▸ Activity:
Exclude the pictures. Transcribe exactly, and only, the lines from the one holding "No seu caso, qual" to the end of the material below.

▸ Dataset excerpt:
• • •

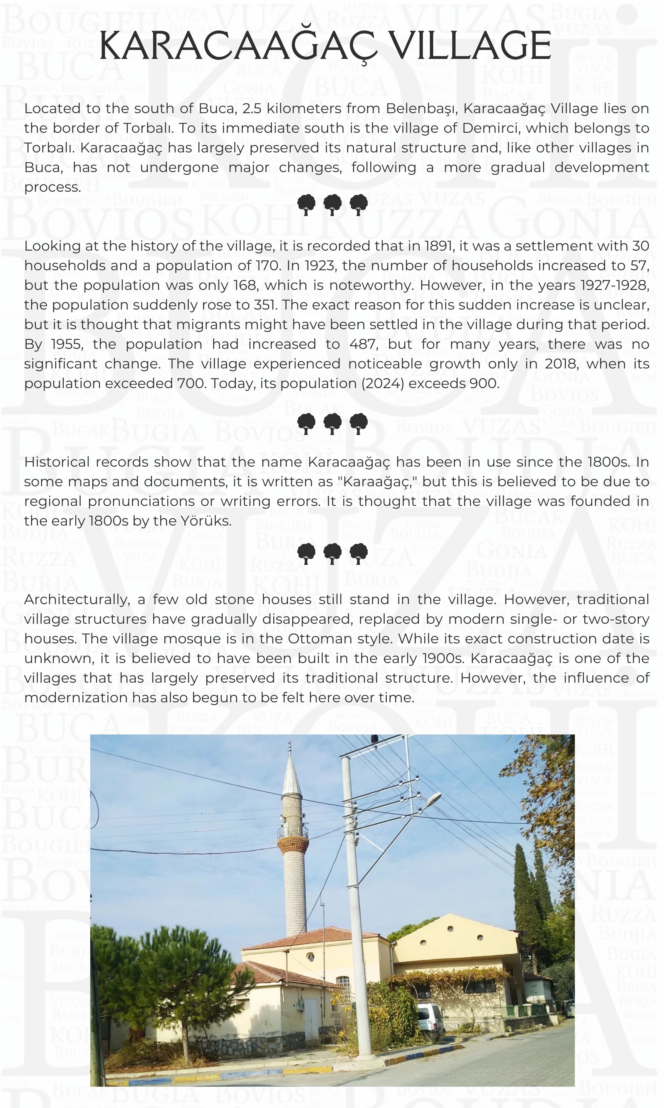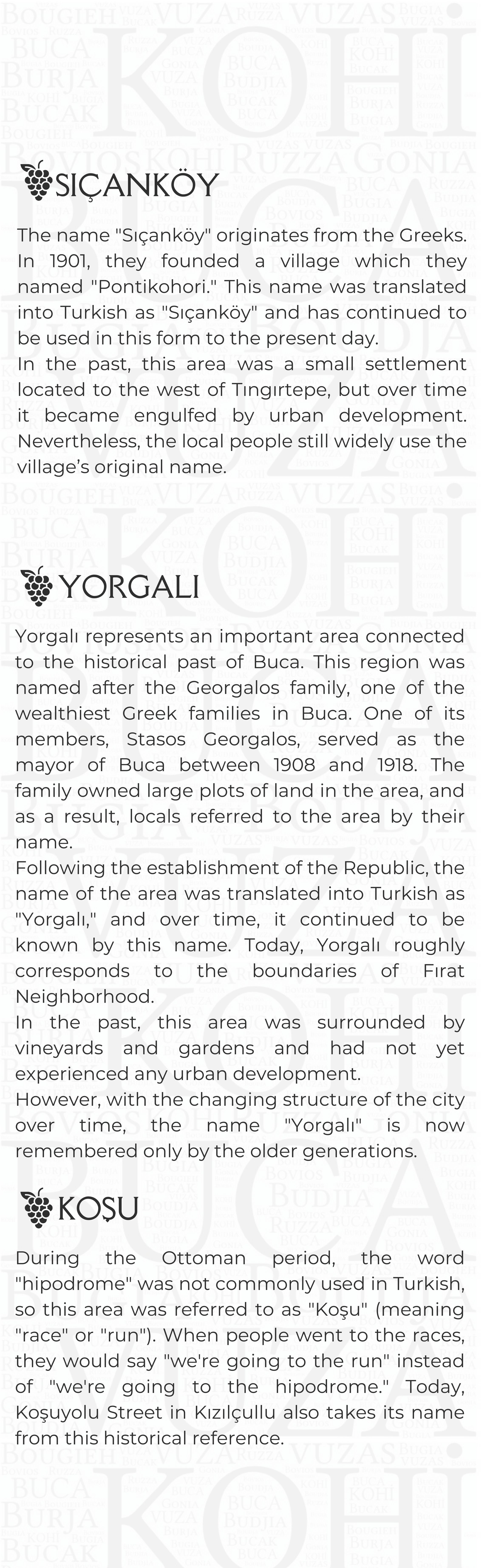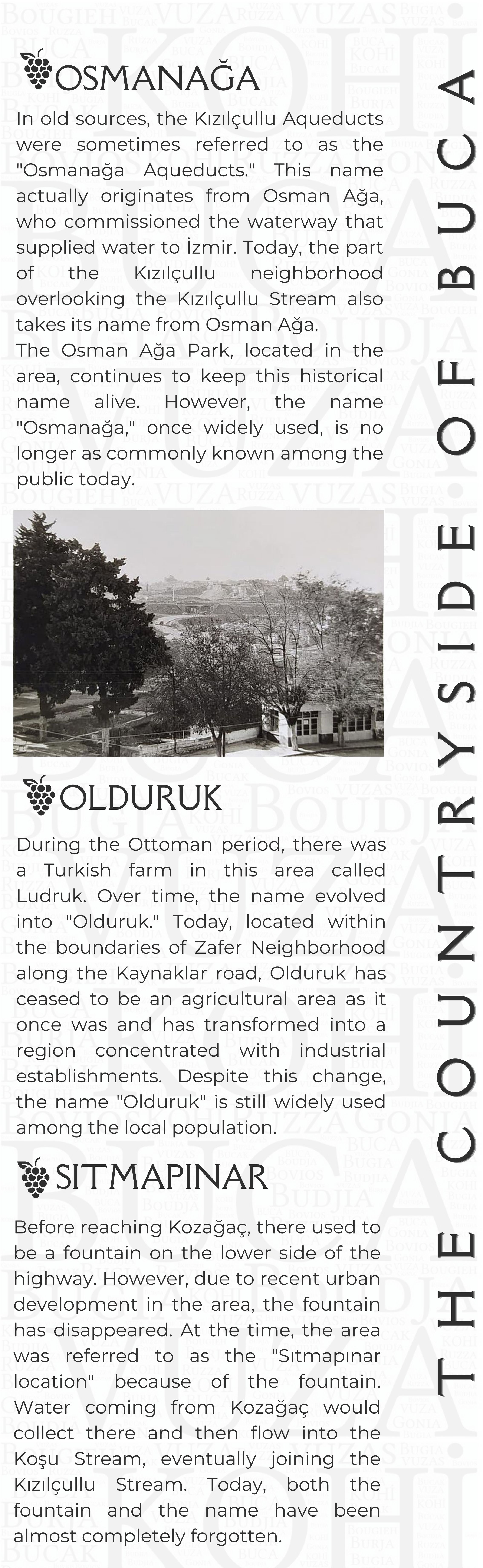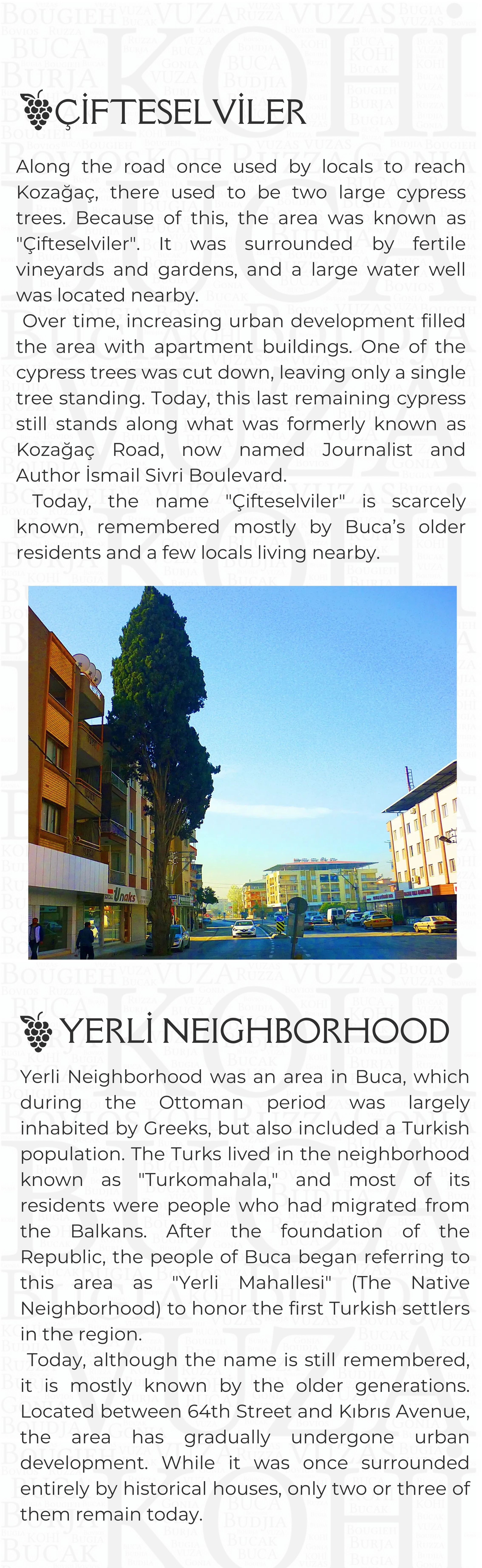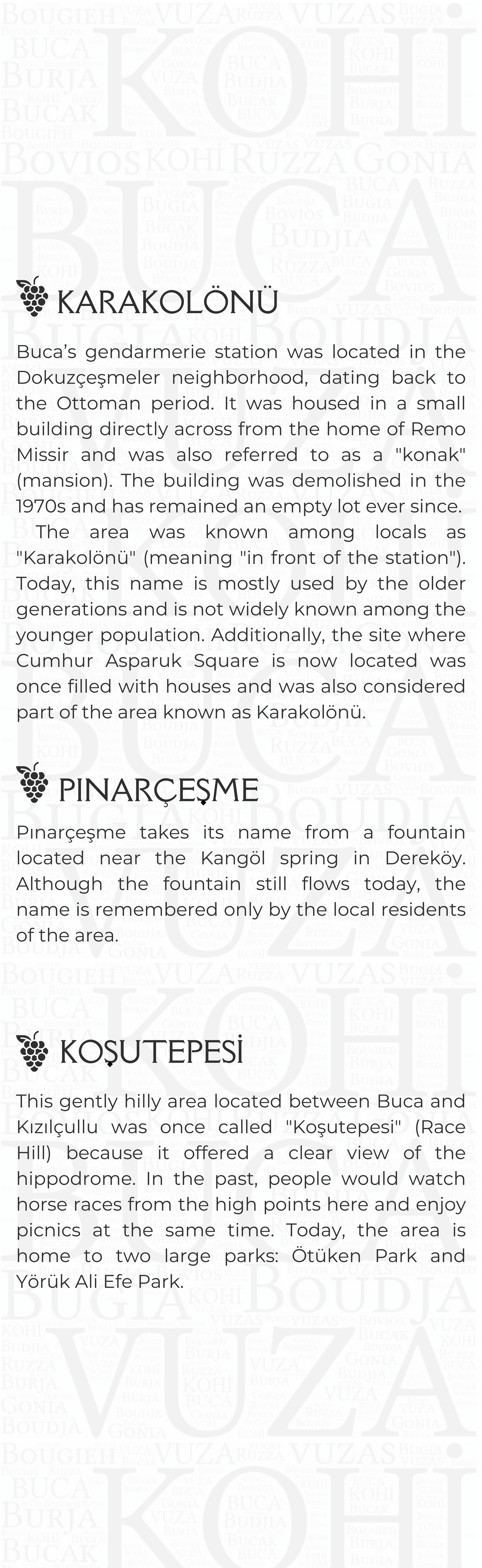 Proje Detayı : Buca'nın kentsel belleğinde izi olan yapıların, değerlerin, eserlerin bu mirası tanıtmak ve yaşatmak amacıyla Pembe Köşk (Buca Belediyesi Kültür Sanat Merkezi) yapısının giriş katında sergilenmek üzere mekanın yerleşiminin ve sergi araçlarının tasarlanması ile içeriklerinin oluşturulması Kentsel Tasarım Müdürlüğü ile birlikte yapılmaktadır.
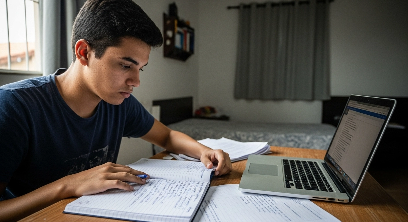 No seu caso, qual tarefa mais aparece: resumo de leitura para aula ou resumo formal para trabalho maior? E qual parte você mais trava: cortar detalhes ou organizar as ideias sem copiar?
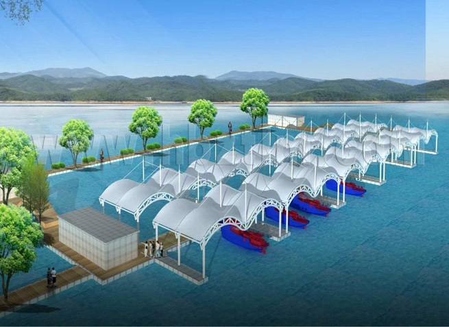 膜材采用PVDF国产或者进口建筑膜材、PTFE玻璃纤维建筑膜材、ETFE透明的永久性建筑膜材;自动放样裁剪,高频焊接,拉伸效果超强,曲线成型可千变万化;膜材质保一般可达15-20年。

• • •

▸ Expected output:
 No seu caso, qual tarefa mais aparece: resumo de leitura para aula ou resumo formal para trabalho maior? E qual parte você mais trava: cortar detalhes ou organizar as ideias sem copiar?
 膜材采用PVDF国产或者进口建筑膜材、PTFE玻璃纤维建筑膜材、ETFE透明的永久性建筑膜材;自动放样裁剪,高频焊接,拉伸效果超强,曲线成型可千变万化;膜材质保一般可达15-20年。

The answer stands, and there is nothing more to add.